Paired t-test example:

Cristina Cox Fernandes and colleagues were studying the number of electric fish species living in various parts of the Amazon basin were interested in whether the presence of tributaries affected the local number of electric fish species (Fernandes et al. 2004). They counted the number of electric fish species above and below the entrance point of a major tributary of 12 different river locations. Here is what they found:

tributary	speciesUpstream	speciesDownstream
Içá	14	19
Jutaí	11	18
Japurá	8	8
Coari	5	7
Purus	10	16
Manacapuru	5	6
Negro	23	24
Madeira	29	30
Trombetas	19	16
Tapajós	16	20
Xingu	25	21
Tocantins	10	12

Paired t-test data visualization:

Lets make a plot!

Figure 3: (A) The full data, (B) The difference in the number of fish species (Downstream - Upstream)
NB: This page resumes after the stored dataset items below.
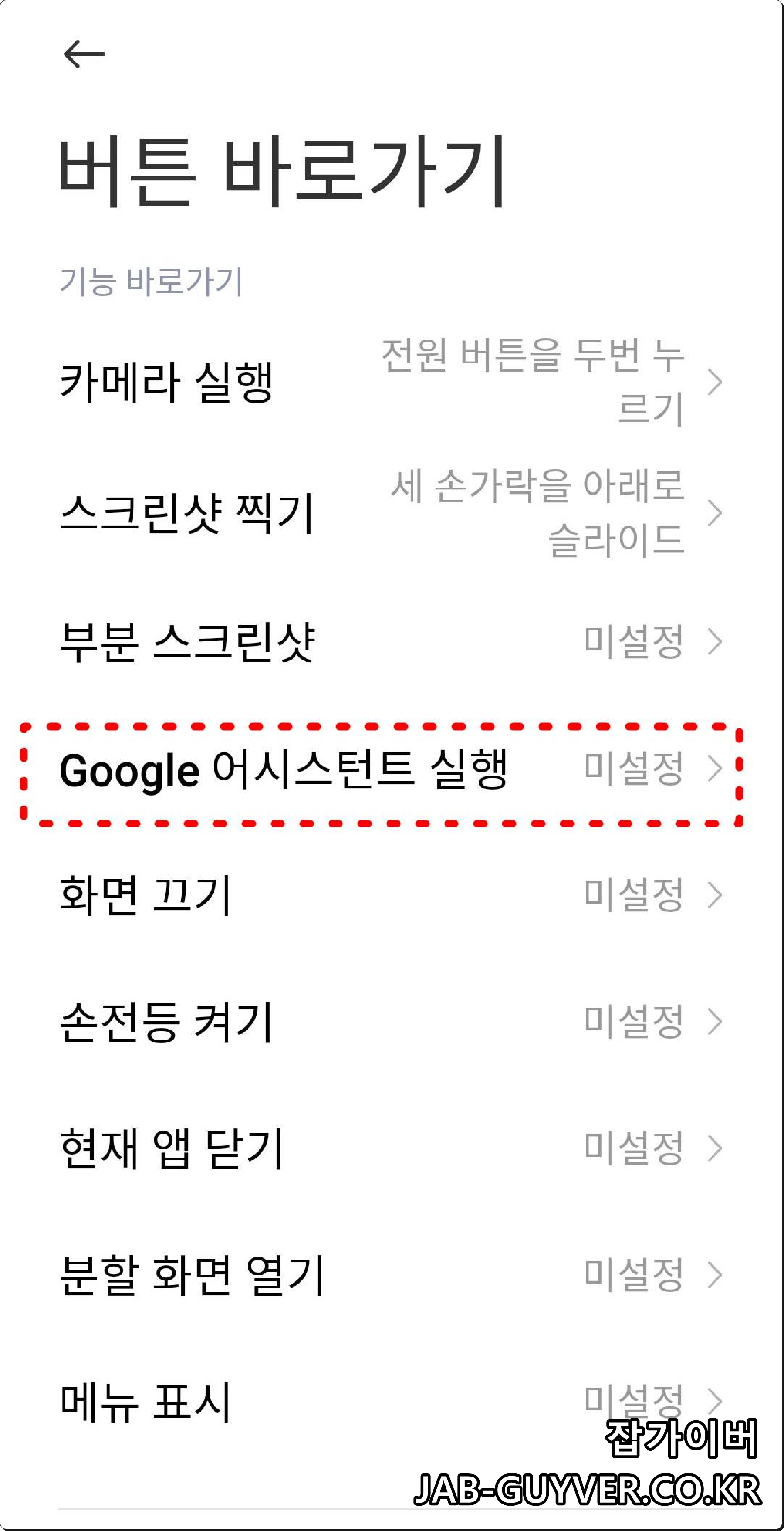 Miui 버튼 바로가기에서 구글 어시스턴트 단축키 끄기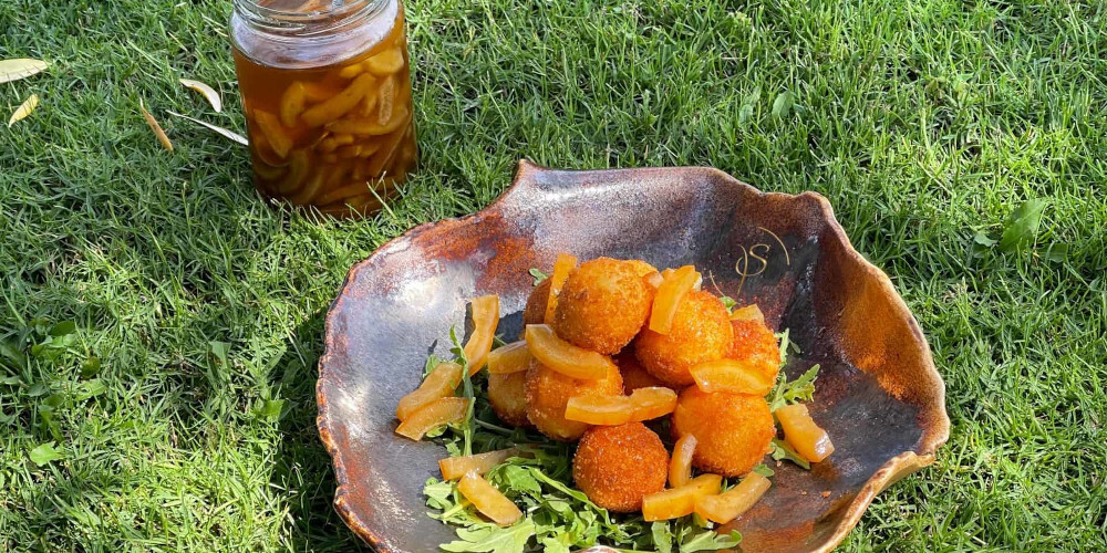 Τοποθετούμε τις μπάλες τυριού σε ένα δίσκο και τις βάζουμε ξανά στο ψυγείο Αλευρώνουμε τις μπάλες τυριού. Μετά τις βουτάμε στα χτυπημένα αυγά και τέλος της καλύπτουμε με την φρυγανιά. Προσθέτουμε περίπου 250 ml ηλιέλαιο σε ένα φαρδύ και βαθύ τηγάνι, σε μέτρια φωτιά. Όταν το λάδι ζεσταθεί, βάζουμε τις τυροκροκετες και τις τηγανίζουμε μέχρι να πάρουν ένα χρυσαφί χρώμα. Τις σερβίρουμε με γλυκό του κουταλιού κυδώνι.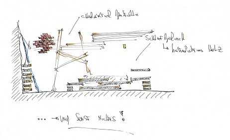 Nové inštalácie ako sú kabeláže, potrubia, reťaze, laná sú priznané. Nie sú ničím iným, ako tým čo v skutočnosti sú. Technologické zvody sú použité ako viditeľné konštrukčné detaily - určitý druh "negatívneho designu".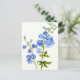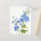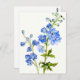 Cartaz botânico de arte cotidiana com dois picos de flores azuis delfinium. Impressão é tirada da pintura original em aquarela pela artista Sarah Trett.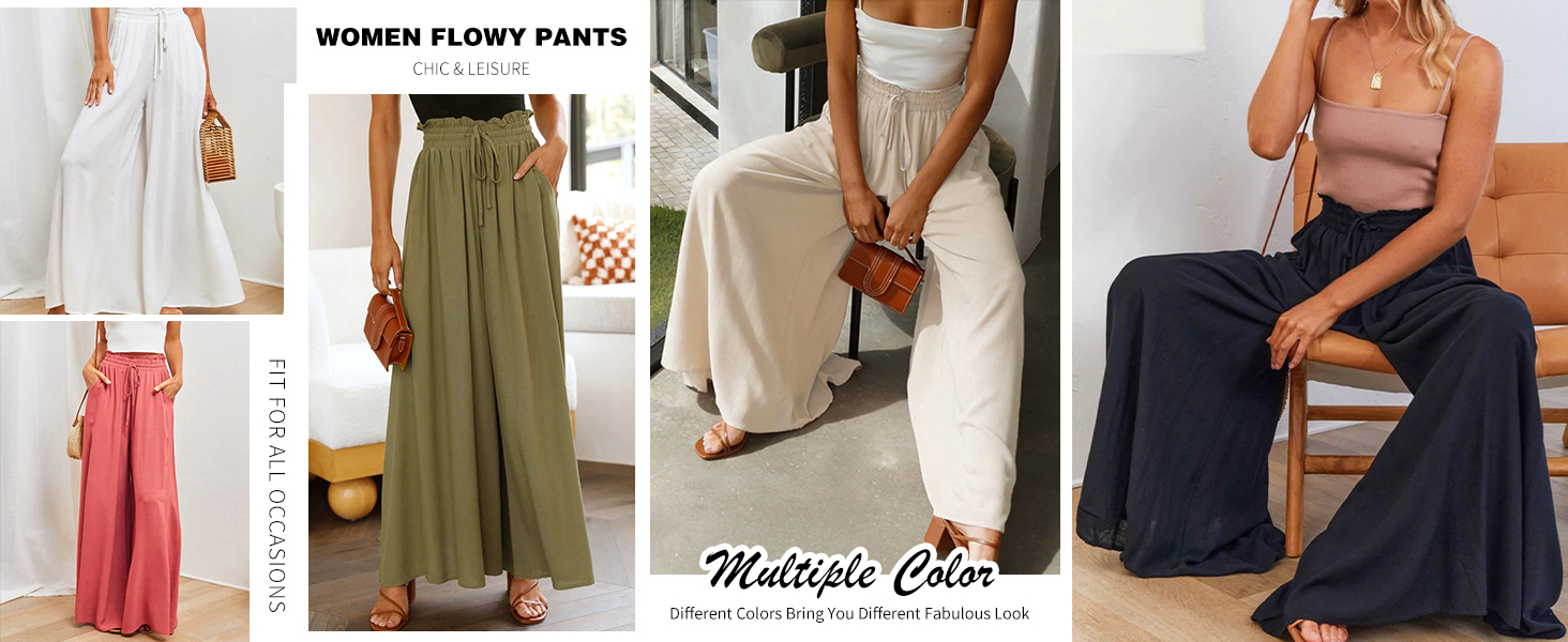 Pasgreson Womens Casual Wide Leg Pants Flowy Ruffle Elastic Drawstring | Desertcart Kenya

Paired t-test evaluating assumptions:

Now lets make a quick qq-plot to evaluate the assumption of normality. Remember that normal data will make a roughly linear qq-plot. Figure 4 shows the data seem pretty normal!

electric <- read_csv("https://whitlockschluter3e.zoology.ubc.ca/Data/chapter12/chap12q19ElectricFish.csv")
electric <- electric %>% 
  mutate(diff_n_species = speciesDownstream-speciesUpstream) 

ggplot(electric, aes(sample = diff_n_species ))+
  geom_qq()+
  geom_qq_line()

Figure 4: A qq=plot to evaluate the assumption of normality.

Paired t-test hypotheses.

The null hypothesis is that the mean difference between pairs is zero.
The alternative hypothesis is that the mean difference between pairs is not zero.

Paired t-test by hand

We can now find 95% confidence intervals and test the null! Recall that the degrees of freedom for a paired t-test is the number of pairs minus one:

electric %>%
  summarise(n        = n(),
            df       = n -1,
            crit_t   = qt(0.975, df = df),
            estimate = mean(diff_n_species),
            SE       = sd(diff_n_species) / sqrt(n),
            t        = estimate/SE,
            lower_95 = estimate - SE * crit_t,
            upper_95 = estimate + SE * crit_t,
            pval     = 2 * pt(q=-abs(t), df=df))                                                                                                          %>% kable()

n	df	crit_t	estimate	SE	t	lower_95	upper_95	pval
12	11	2.200985	1.833333	0.960061	1.909601	-0.2797467	3.946413	0.0825965

So $p > \alpha$ so we ail to reject the null - there is not enough evidence to conclude that downstream has a different number of electric fish species than upstream does.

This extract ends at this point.